ICIC   25583
INSTITUTO DE CIENCIAS E INGENIERIA DE LA COMPUTACION
Unidad Ejecutora - UE
artículos
Título:
A Flexible Supervised Term-Weighting Technique and its Application to Variable Extraction and Information Retrieval
Autor/es:
DELBIANCO, FERNANDO; TOHMÉ, FERNANDO ABEL; MAISONNAVE, MARIANO; MAGUITMAN, ANA GABRIELA
Revista:
INTELIGENCIA ARTIFICIAL. IBERO-AMERICAN JOURNAL OF ARTIFICIAL INTELLIGENCE
Editorial:
Iberamia
Referencias:
Año: 2019 vol. 22 p. 61 - 80
ISSN:
1137-3601
Resumen:
Successful modeling and prediction depend on effective methods for the extraction of domain-relevant variables. This paper proposes a methodology for identifying domain-specific terms.
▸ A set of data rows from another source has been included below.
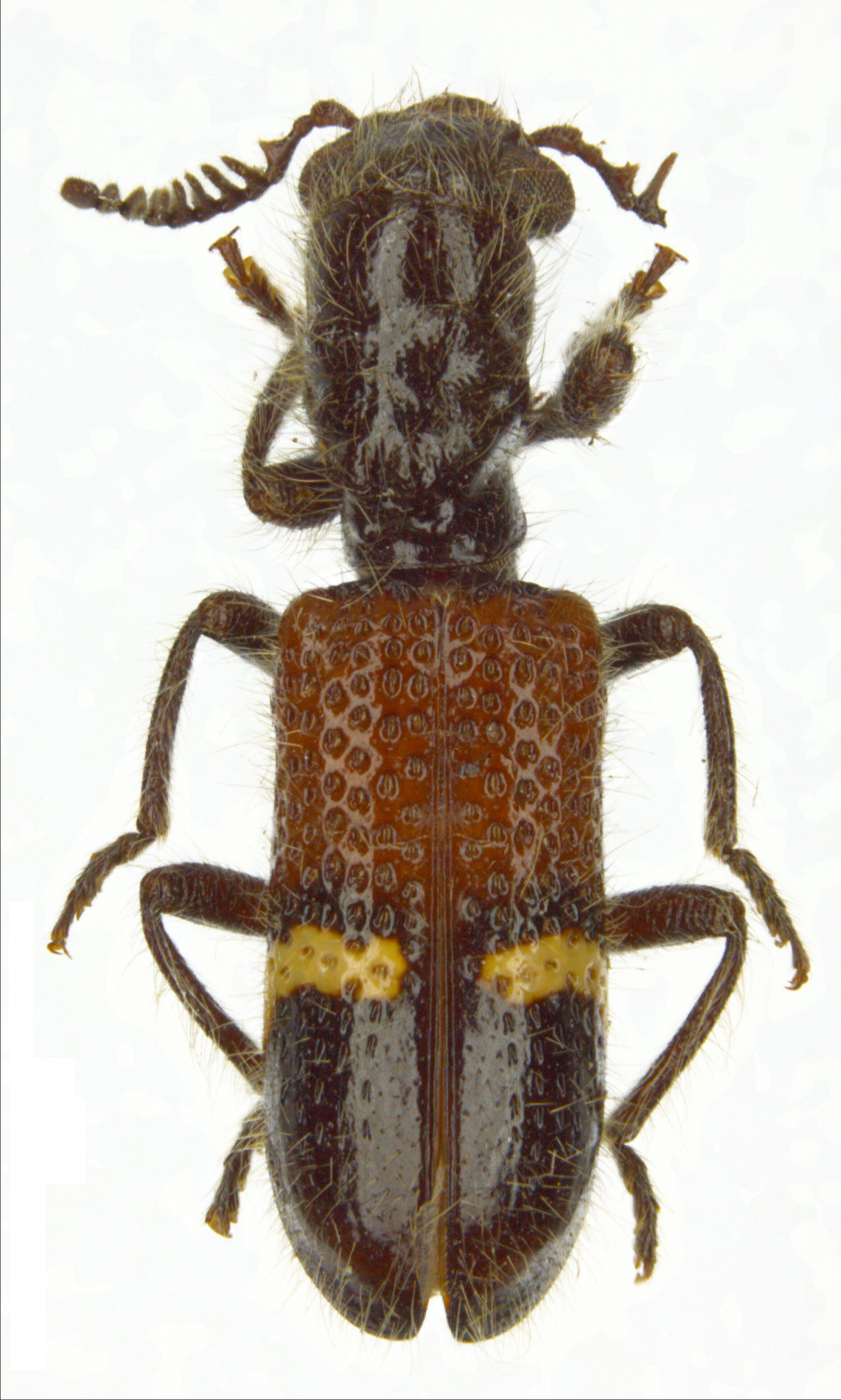 Diplocladus kuwerti, image taken with Leica Z6 microscope, automontage done with LAS (Leica Application Suite) 3.2.0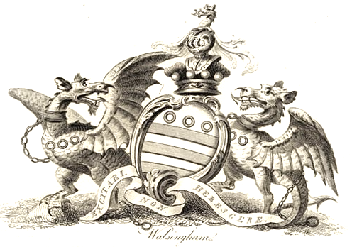 Source: Catton's English Peerage, 1790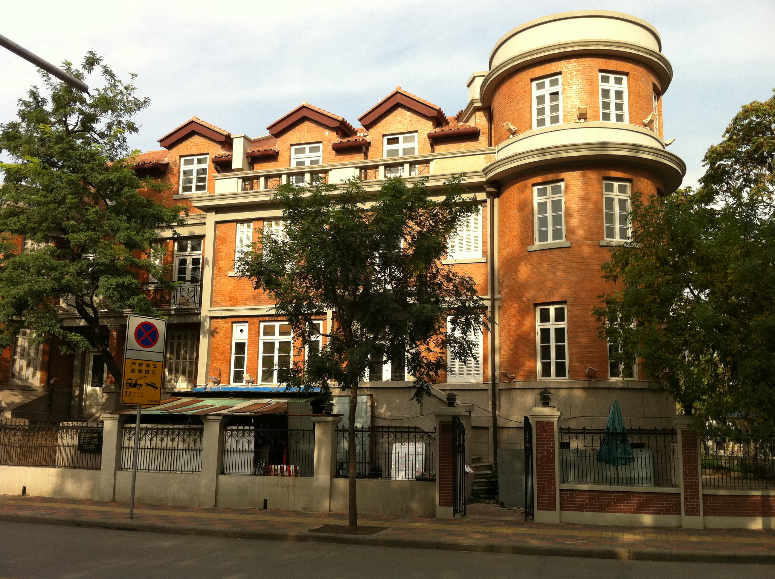 Xinhua Lu No. 259-261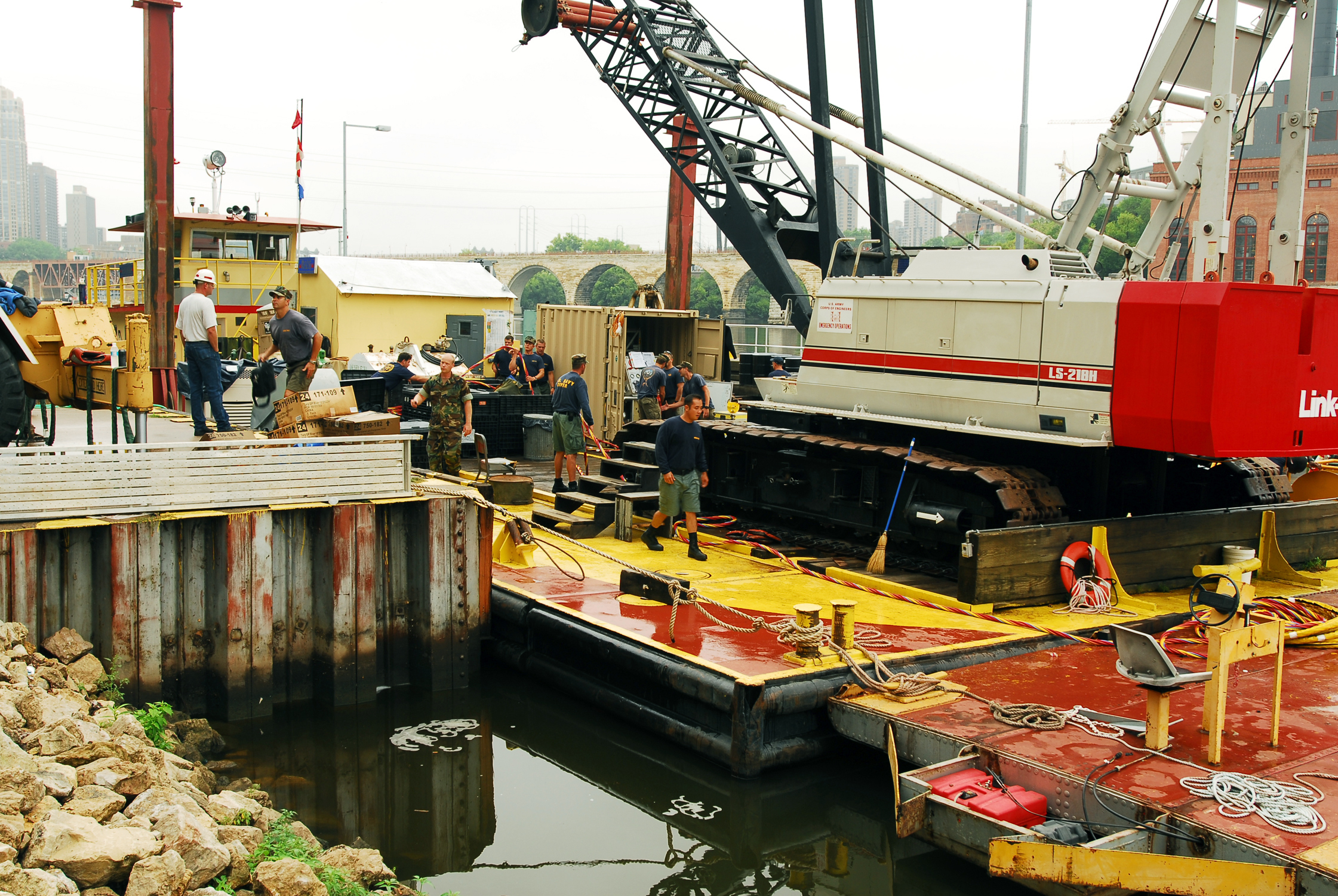 MINNEAPOLIS (Aug. 21, 2007) - Navy divers from Mobile Diving and Salvage Unit (MDSU) 2 pack their gear in preparation for their return to Naval Amphibious Base Little Creek, Virginia Beach, Va. Divers from MDSU-2 have finished aiding federal, state and local officials with the search and recovery efforts at the I-35 bridge collapse site over the Mississippi River. U.S. Navy photo by Mass Communication Specialist Seaman Joshua Adam Nuzzo (RELEASED) Link-Belt LS-218H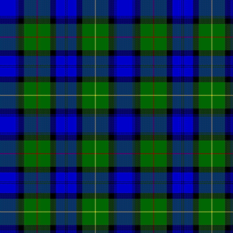 The Farquharson tartan, based on the Black Watch tartan. The design in the Vestiarium Scoticum has the red and yellow lines within the green bands, whereas the version Logan gives has the yellow within the green and the red within the blue bands. (Source: Stewart, Donald. Setts of the Scottish Tartans). Thread count: (Stewart, Donald. Scotland's Forged Tartans) B56 Bk6 B6 Bk6 B6 G54 R/Y6 G54 Bk20 B56 Bk2 B12. Thread count: (Stewart, Donald. Setts of the Scottish Tartans, Plate 54) B56 Bk2 B2 Bk2 B2 Bk20 G44 R/Y4 G44 Bk20 B32 Bk2 B4.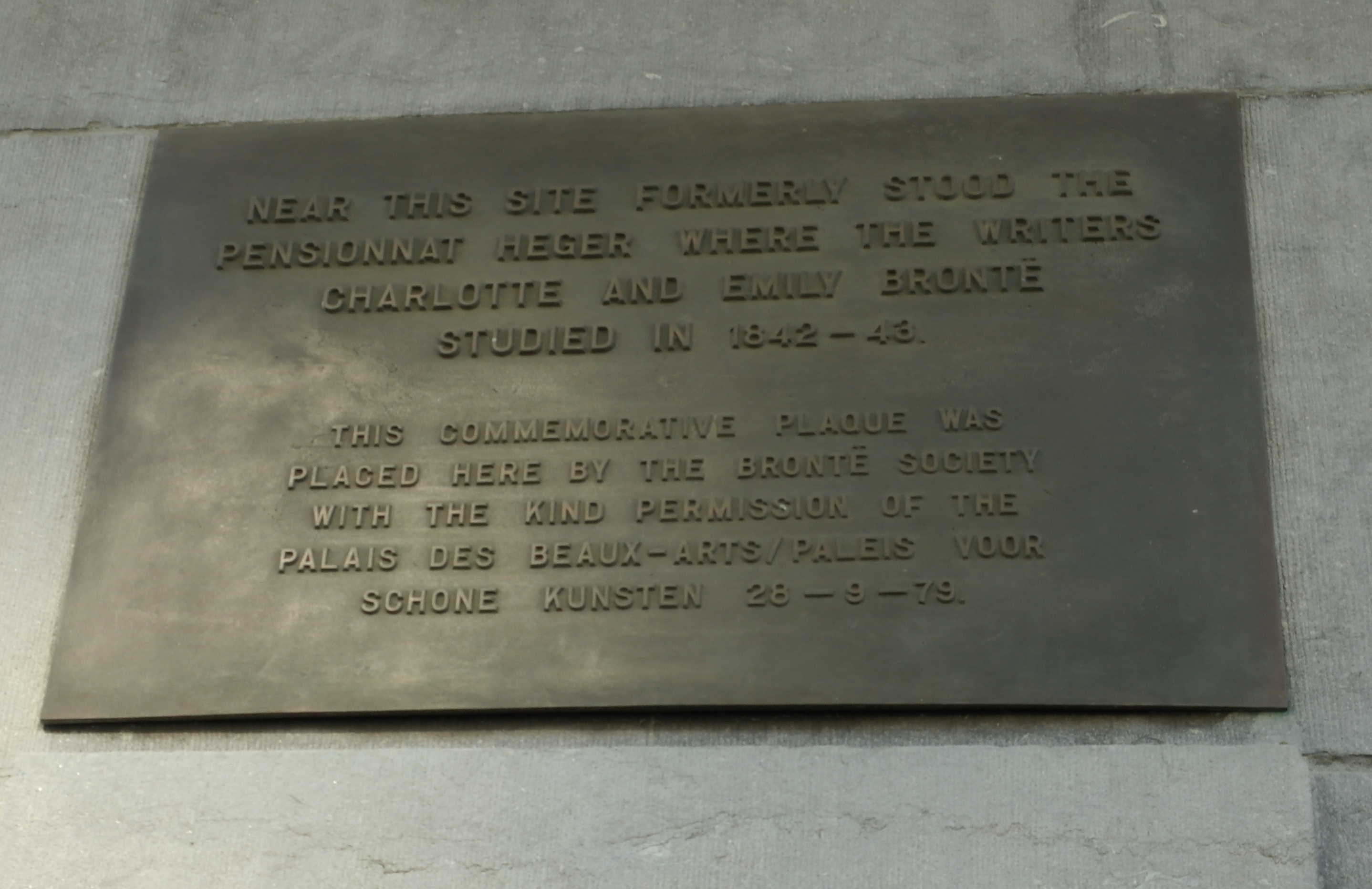 Pensionnat Heger plaque in Brussels (Charlotte & Emily Brontë).

The proposed methodology relies on a collection of documents labeled as relevant or irrelevant to the domain under analysis. Based on the labeled document collection, we propose a supervised technique that weights terms based on their descriptive and discriminating power. Finally, the descriptive and discriminating values are combined into a general measure that, through the use of an adjustable parameter, allows to independently favor different aspects of retrieval such as maximizing precision or recall, or achieving a balance between both of them. The proposed technique is applied to the economic domain and is empirically evaluated through a human-subject experiment involving experts and non-experts in Economy. It is also evaluated as a term-weighting technique for query-term selection showing promising results. We finally illustrate the applicability of the proposed technique to address diverse problems such as building prediction models, supporting knowledge modeling, and achieving total recall.